I recently blogged here about misguided attempts to reduce obesity in South Central Los Angeles by banning new fast food eateries. In the wake of a Rand study that shows the folly of this plan, there are now calls to... "limit" convenience stores in the 'hood. You can’t make this stuff up, folks. These self-imagined do-gooders won't rest until no new private businesses are able to start up in that area. Also, below, I talk below about the likely big screen television ban in California. Yup - you read that right.

Jerry Hirsch of the Los Angeles Times reports on the misguided attempts to prevent obesity.

Separately, researchers looking at the shopping patterns of schoolchildren in urban Philadelphia found that more than half the 800 students they surveyed reported that they shopped at a corner store at least once a day, five times a week. Almost a third visited a store both before and after school.

On average, the students spent about $1 and purchased 356 calories of snack foods and drinks each visit. Chips, candy, sugary beverages and gum were the most frequent purchases, according to a study published online today. It also will appear in the November edition of Pediatrics, a medical journal.

How to curb such purchases is a top priority for policymakers attempting to reduce the obesity rates in poor communities.

What about free enterprise? What about freedom of choice?

"We need to look at a moratorium on these convenience stores," said Lark Galloway-Gilliam, executive director of Community Health Councils Inc., a nonprofit health policy and education organization in South Los Angeles.

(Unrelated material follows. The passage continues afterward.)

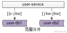 范围法如上图:以用户中心的业务主键uid为划分依据,将数据水平切分到两个数据库实例上去: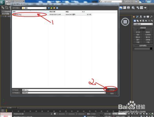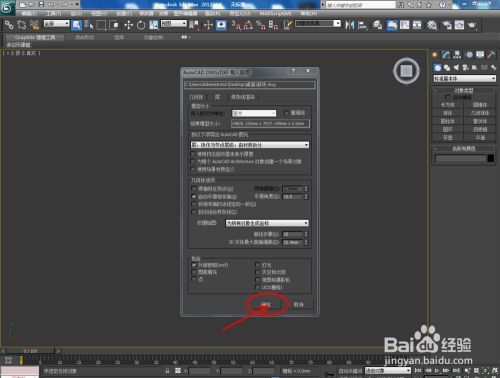 4 打开3Dmax2012软件,点击左上角软件图标,点击【导入】-【导入】,选择新块文件,点击【打开】,弹出对话窗口后,点击确定,平面图便导入了;

The Los Angeles City Council is set to consider a proposal that would limit the density of these small food stores in South Los Angeles, said Councilwoman Jan Perry, a proponent of regulations adopted last year establishing a moratorium on new openings of fast-food restaurants whose 9th District includes much of South Los Angeles.

I know a sure-fire way to reduce obesity rates in that area: ban fat people from the area.

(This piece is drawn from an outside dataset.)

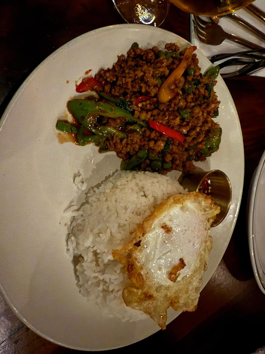 Just a block away from Time Square! Love how convenient it is located. So glad we made the reservation in advance. Nice atmosphere and the hosts were welcoming. Our table was ready when we got there. (They would only bring you to the table if everyone in your party had arrived). When we sat down, we were told that we have 1.5 hour dining time, a little pressure to decide what to order from the extensive menu, especially when there are no pictures next to the dishes names! Our server was helpful when recommending the dishes and he asked us multiple times if anyone has food allergies. We appreciated that! With the dining time limit, we decided to order a few simple traditional dishes like Pad Thai and Pineapple fried rice. The mango salad was quite tasty though the avocado on the top had brown patches. The sautéed prawns and squid was delicious, definitely everyone’s favorite. Would love to try their curry beef next time!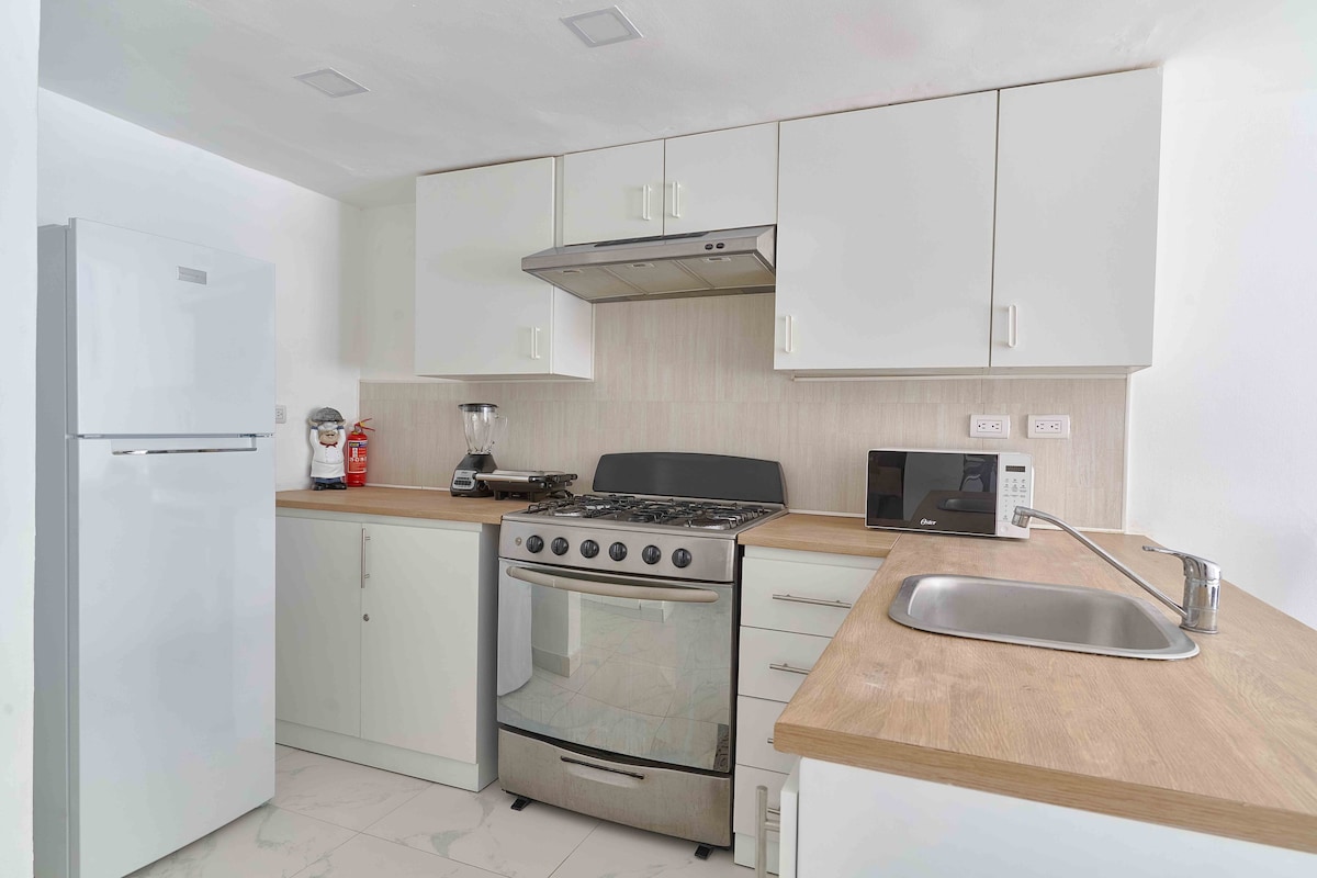🏝️ Welcome to Malecón SPM Your private Caribbean getaway, just one block from the iconic San Pedro Seawall (El Malecón). Enjoy the vibrant atmosphere with restaurants, bars, food parks, and nightlife all within walking distance—plus the best sunsets in the Dominican Republic 🌅. This apartment offers the perfect mix of comfort and privacy, featuring a spacious bedroom and a dedicated workspace for remote work or leisure.

Marc Lifsher at the Los Angeles Times reports on the TV ban.  The industry, of course, is asking lawmakers to let consumers vote with their wallets.

But those pleas didn't appear to elicit much support from commissioners at a public hearing on the proposed rules that would set maximum energy-consumption standards for televisions to be phased in over two years beginning in January 2011. A vote could come as early as Nov. 4.

The association's views weren't shared by everyone in the TV business. Representatives of some TV makers, including top-seller Vizio Inc. of Irvine, said they would have little trouble complying with tighter state standards without substantially increasing prices.

So Vizio is happy that they'll have less competition. That's no surprise.

If all TVs met state standards, [Ken Rider commission staff engineer] added, California could avoid the $600-million cost of building a natural-gas-fired power plant.

And that’s what this is really about, right? Trying to avoid building new power plants. Sorry, but we're going to need new power plants. Start building!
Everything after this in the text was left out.